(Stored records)
>>>

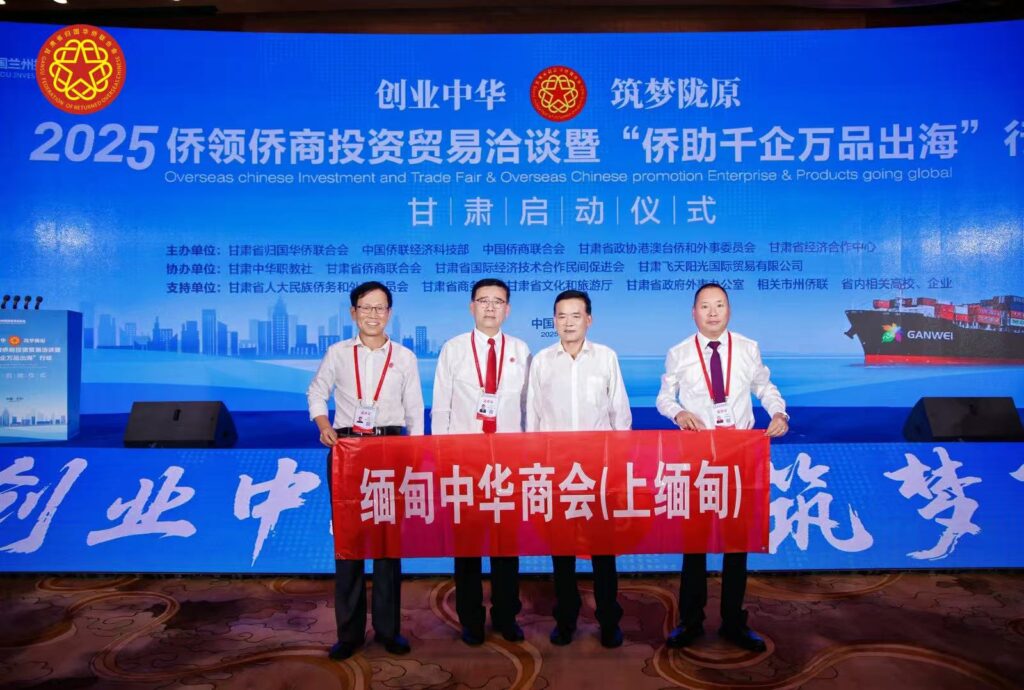7 月 7 日,中国侨联“侨助千企万品出海”行动甘肃启动仪式在甘肃省兰州市隆重举行,应甘肃省侨联主席袁斌才的邀请,缅甸中华商会(上缅甸)值班会长刘永伦带队出席了此次活动。与刘永伦会长一同参与活动的还有缅甸中华商会(上缅甸)副会长沈世安以及缅甸中华商会(上缅甸)北京代表处主任杨英才。
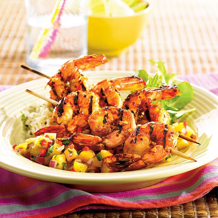 Un brin piquantes, marinées au rhum, à la lime et au gingembre, des crevettes grillées au goût des Caraïbes accompagnées d’une petite salsa à l’ananas délicieusement rafraîchissante. Miam!
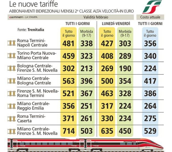 ROMA – Quattro versioni, diverse per prezzo e ampiezza d’uso. Ma sostanzialmente un rincaro medio per le principali tratte del 35%. I clienti delle Frecce AV potranno ancora contare, da febbraio, su un abbonamento mensile che l’azienda venderà, senza alcun corrispettivo pubblico, ad un valore equivalente a quello di 8, o al massimo 14, biglietti di corsa semplice, all’attuale prezzo base.
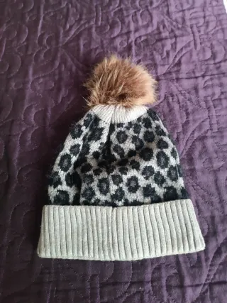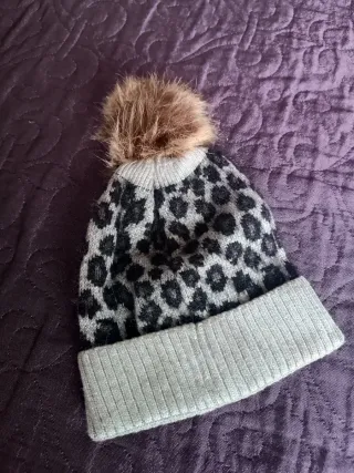 Gorro de punto con un llamativo estampado animal print. Perfecto para añadir un toque de estilo a tus días. - Diseño con pompón. - Puño de canalé.
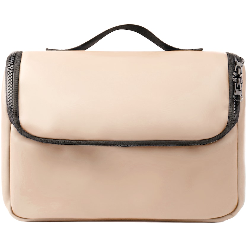 Toilettilaukku vettähylkivästä synteettisestä nahasta. Materiaali on helppo puhdistaa. Sisäpuolella on useita taskuja pienempiä tavaroita varten. Hygienialaukku on varustettu koukulla, jonka avulla sen saa ripustettua ylös.
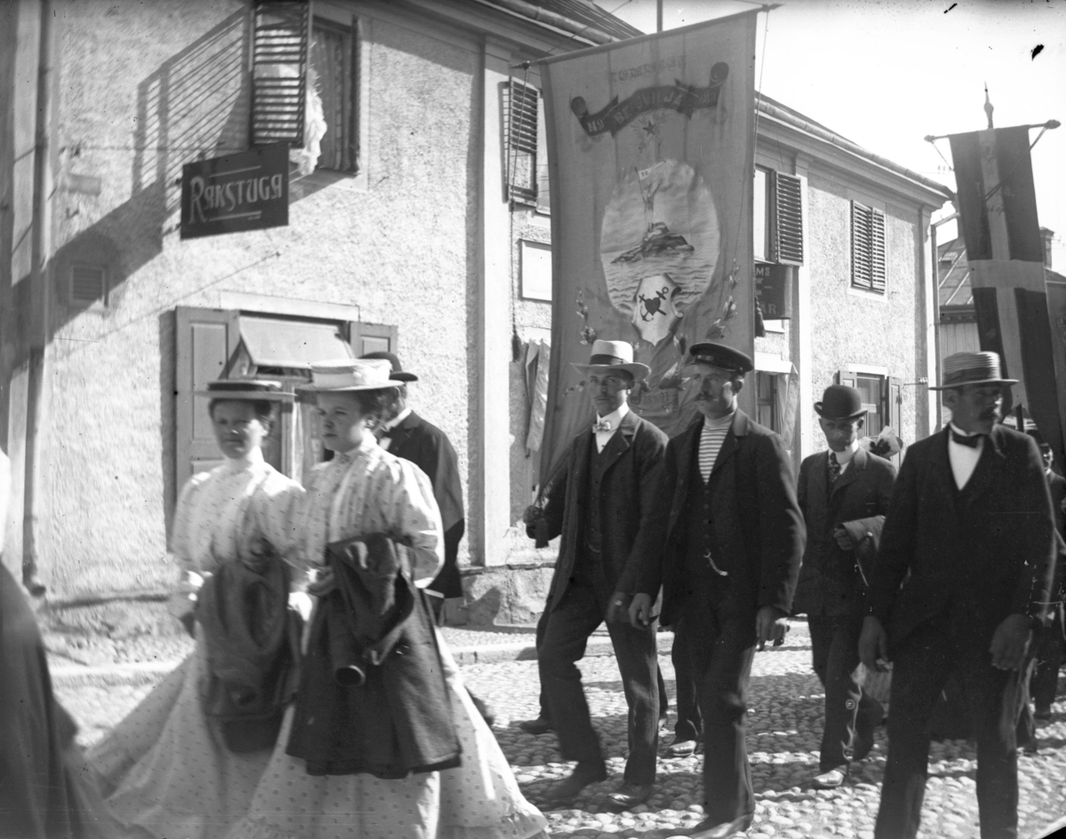 "1 maj, Kungsgatan, Apotekarbacken". Vid Kungsgatan 15, Enköping, sett från norr.
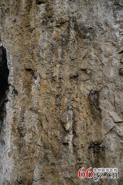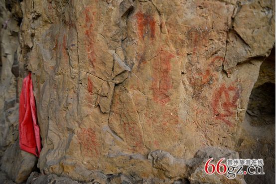 同时,在金山洞壁上的清代壁题也数量众多,既有题诗,又有纪事,还有祝文,分别题于清乾隆、道光、咸丰年间。明显可见“贵州贵阳府”和“贵阳府广顺州”等字样。还有1949年以后的毛主席语录,均以赭色书写。据说时至今日,仍有村民在岩下洞口焚香秉烛,寄拜岩神,祈祷康健。现在在岩石上还能看到祈福的红布和被烟火熏黑的岩洞。
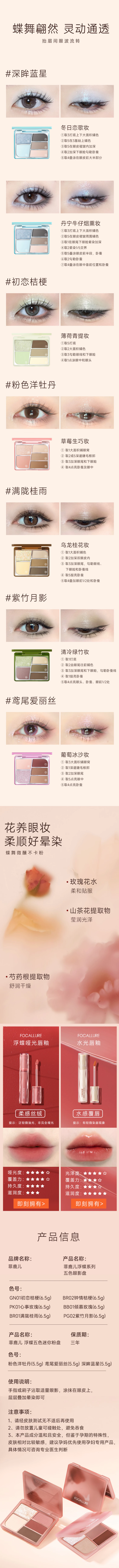 【42元会员福利哦】菲鹿儿五色眼影盘PK01-心事玫瑰 【潮品】
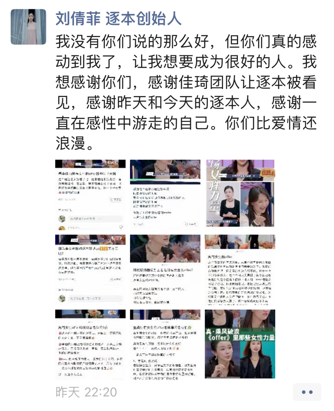 这些细节在综艺中的真实表现,让刘倩菲这位品牌创始人“圈粉”无数。而刘倩菲后来也在朋友圈中,表达了对观众及李佳琦团队的感谢之情。
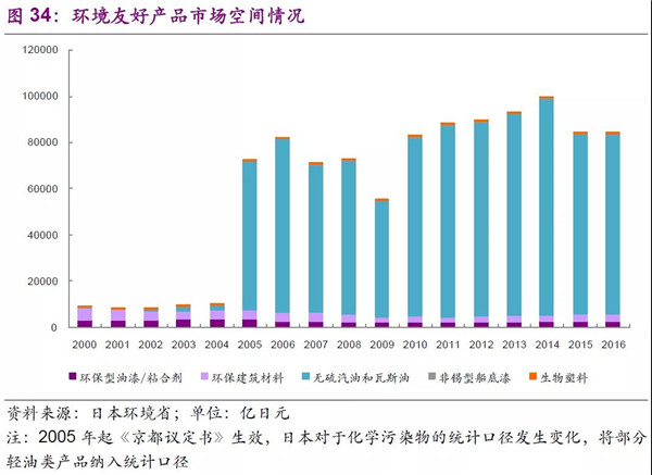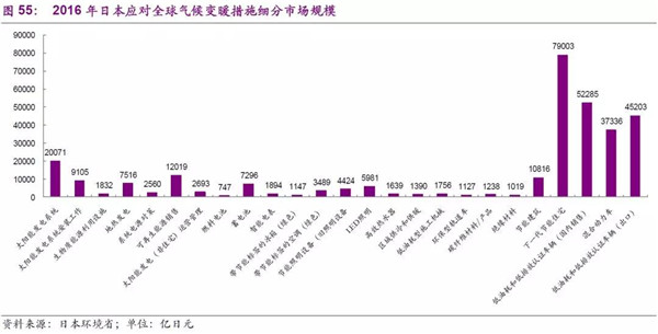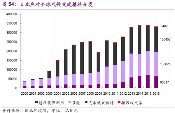 在日本應(yīng)對全球氣候變暖措施分類上,主要有清潔能源利用、節(jié)能、汽車低耗燃料等具體措施,2016年整體的市場空間可以達33萬億日元(日本環(huán)境省數(shù)據(jù))。具體細分來看,以2016年為例,節(jié)能建筑、低油耗低排放及混合動力車輛、太陽能產(chǎn)業(yè)、蓄電池、節(jié)能照明設(shè)施等是未來重要的發(fā)展方向。
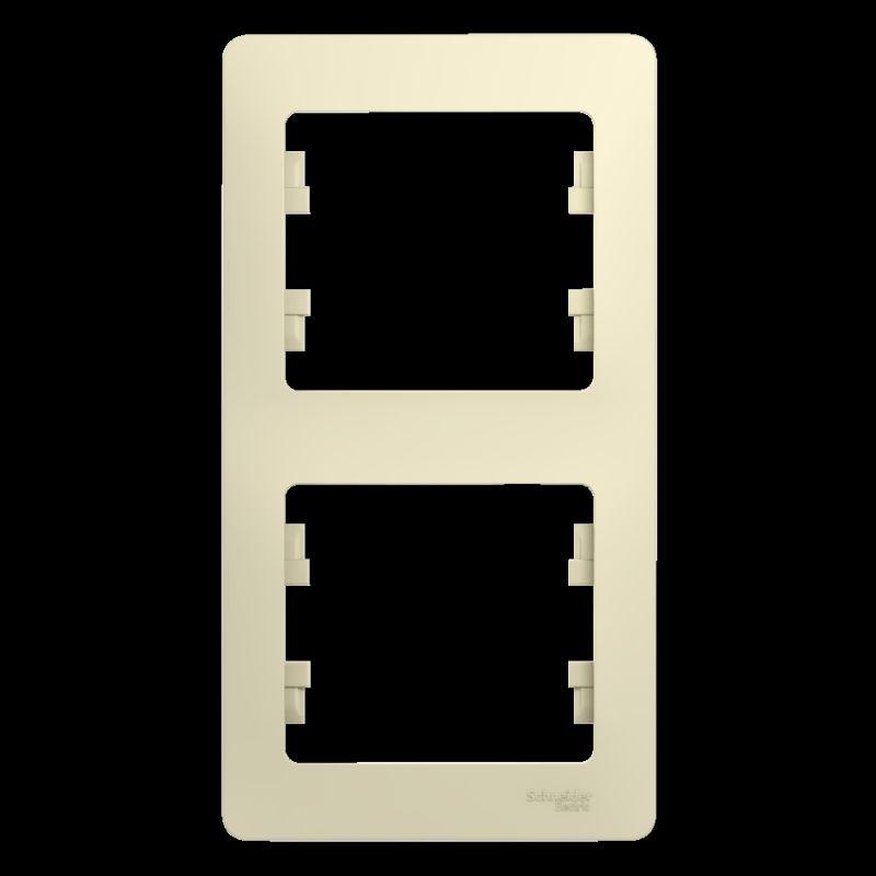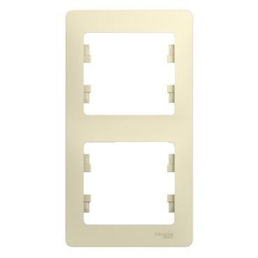 Рамка Systeme Electric (ранее Schneider Electric) серии Glossa (цвет бежевый) двухместная. - Устанавливается в вертикальном положении. - Выполнена из материала PС+ASA, стойкого к УФ-излучению и появлению царапин. - Позволяет гармонично вписать электроустановочное изделие в интерьер помещения.
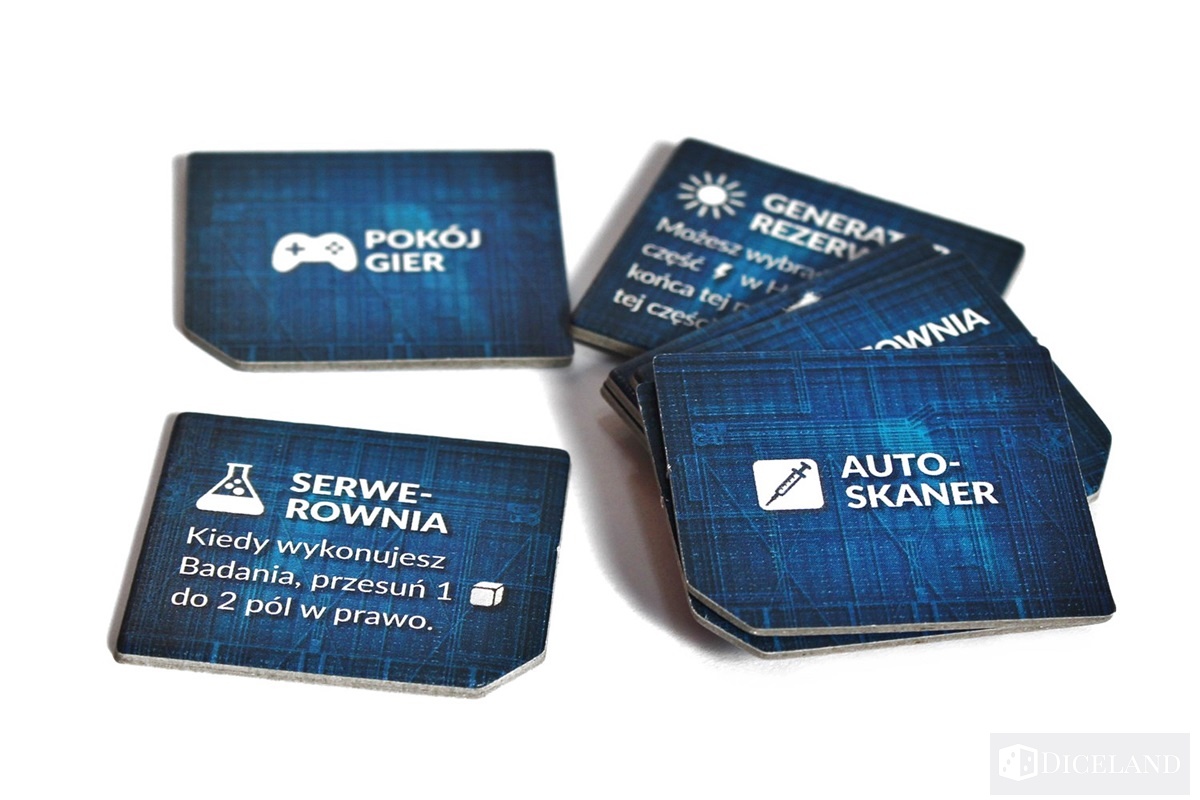 Kolejna grupa kafli i żetonów będzie wpływać na postacie lub pomieszczenia w naszej stacji. Będą to: kafle przestoju, ulepszeń oraz żetony stanów i modyfikatorów.
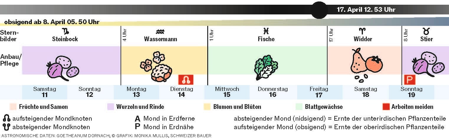 Nach dem Frost vor zwei und Ostern vor einer Woche hat die Sä- und Pflanzzeit endgültig begonnen. Für alle, die sich dabei nach dem Mond richten, heisst das: am Montag und Dienstag gibt es zwei Blütentage. Diese sind günstig für die Aussaat und Pflege von Blütenpflanzen, die dann besonders üppig blühen sollen – wobei die kurze Zeit des aufsteigenden Mondknotens gemieden werden sollte.
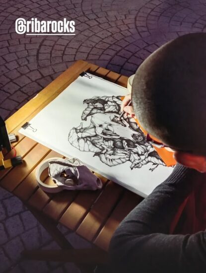 Riba Rocks brought their brilliant branded T-shirts, while I exhibited sculptural works, canvas drawings, and copies of my artist book ‘Upon Reflection’, with my latest video pieces playing throughout the afternoon.
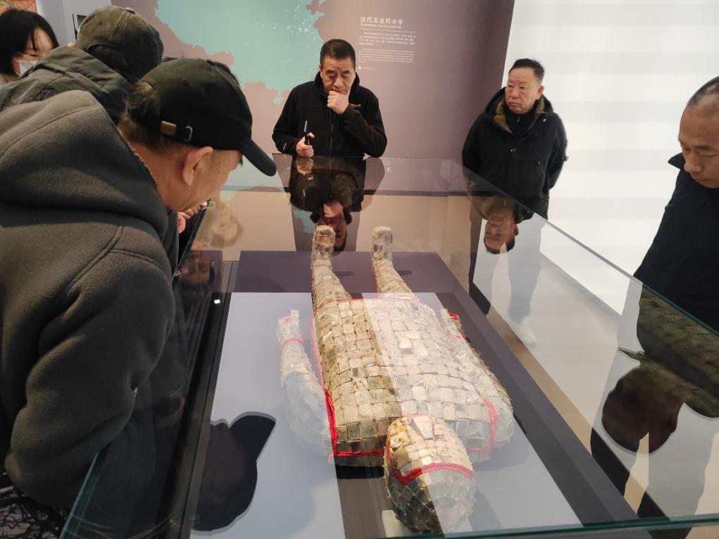 12月19日上午,观众在良渚博物院观赏汉代“金缕玉衣”。新华社记者 冯源 摄
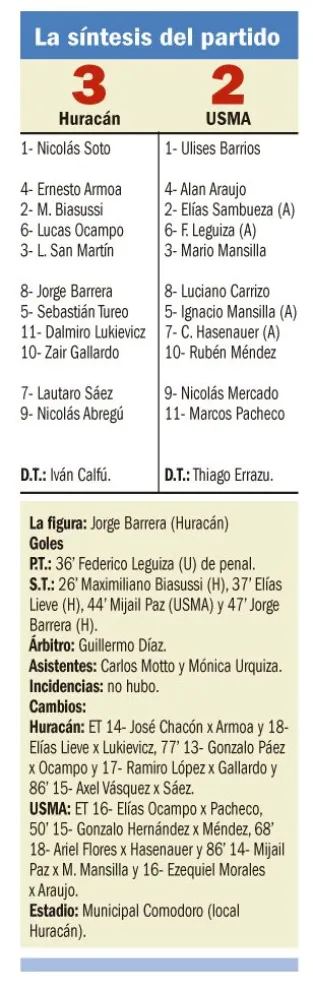 La cancha se fue inclinando por amarillas, foules en cercanías del área y múltiples intentos con pelota parada. A los 26’ Maximiliano Biasussi cabeceó un córner para el 1-1 y Huracán pareció liberarse, Abregú lo tuvo una y otra vez, ya con USMA condicionado. Tanta fue la presión que el Globo logró desnivelar por la misma vía. El ingresado Elías Lieve anticipó en el primer palo un preciso centro de Barrera para el 2-1 en un desahogo que duró lo mismo que un flash.
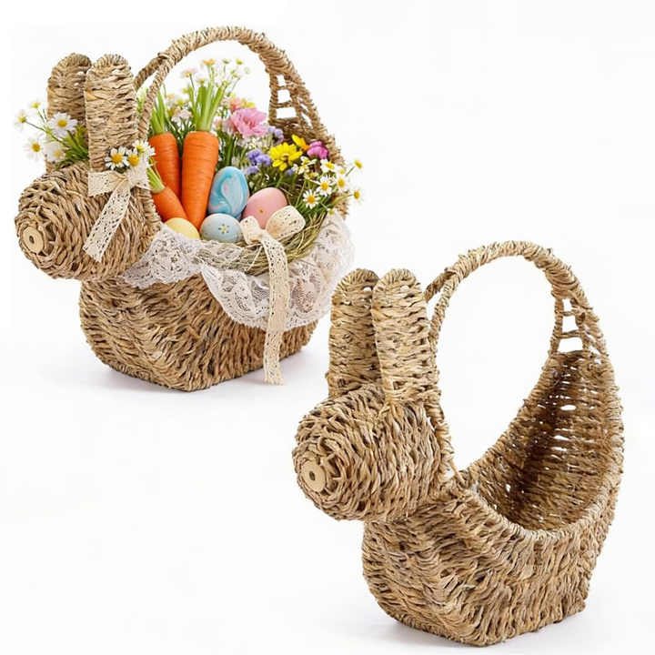 Cestas de paja marina para Pascua, compra al por mayor, cestas de alta calidad tejidas con forma de conejo.
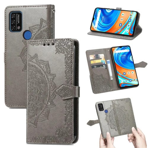 Funda de Cuero Horizontal para Umidigi A9 Mandala Flower con Tarjetero y Billetera (Gris)
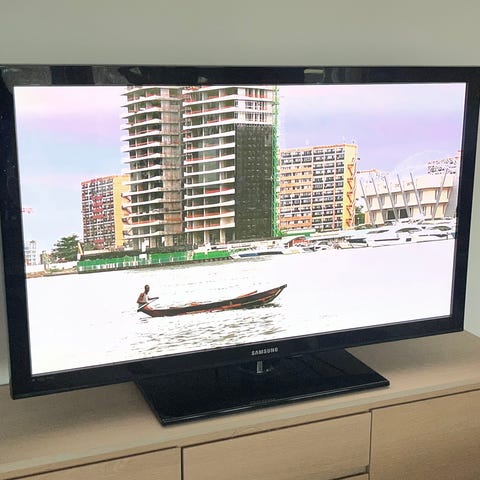 Samsung TV i svart utförande. Platt skärm som kan användas för tv-tittande, film och tv spel. Passar för placering på bänk eller väggfäste beroende på vilka tillbehör som används.

<<<

## Activity
Return the stretch of data that begins with the line showing "这些细节在综艺中的真实表现,让刘倩菲这位" and goes on through the line showing "Рамка Systeme Electric", exactly, with pictures removed.

## Written answer
 这些细节在综艺中的真实表现,让刘倩菲这位品牌创始人“圈粉”无数。而刘倩菲后来也在朋友圈中,表达了对观众及李佳琦团队的感谢之情。
 在日本應(yīng)對全球氣候變暖措施分類上,主要有清潔能源利用、節(jié)能、汽車低耗燃料等具體措施,2016年整體的市場空間可以達33萬億日元(日本環(huán)境省數(shù)據(jù))。具體細分來看,以2016年為例,節(jié)能建筑、低油耗低排放及混合動力車輛、太陽能產(chǎn)業(yè)、蓄電池、節(jié)能照明設(shè)施等是未來重要的發(fā)展方向。
 Рамка Systeme Electric (ранее Schneider Electric) серии Glossa (цвет бежевый) двухместная. - Устанавливается в вертикальном положении. - Выполнена из материала PС+ASA, стойкого к УФ-излучению и появлению царапин. - Позволяет гармонично вписать электроустановочное изделие в интерьер помещения.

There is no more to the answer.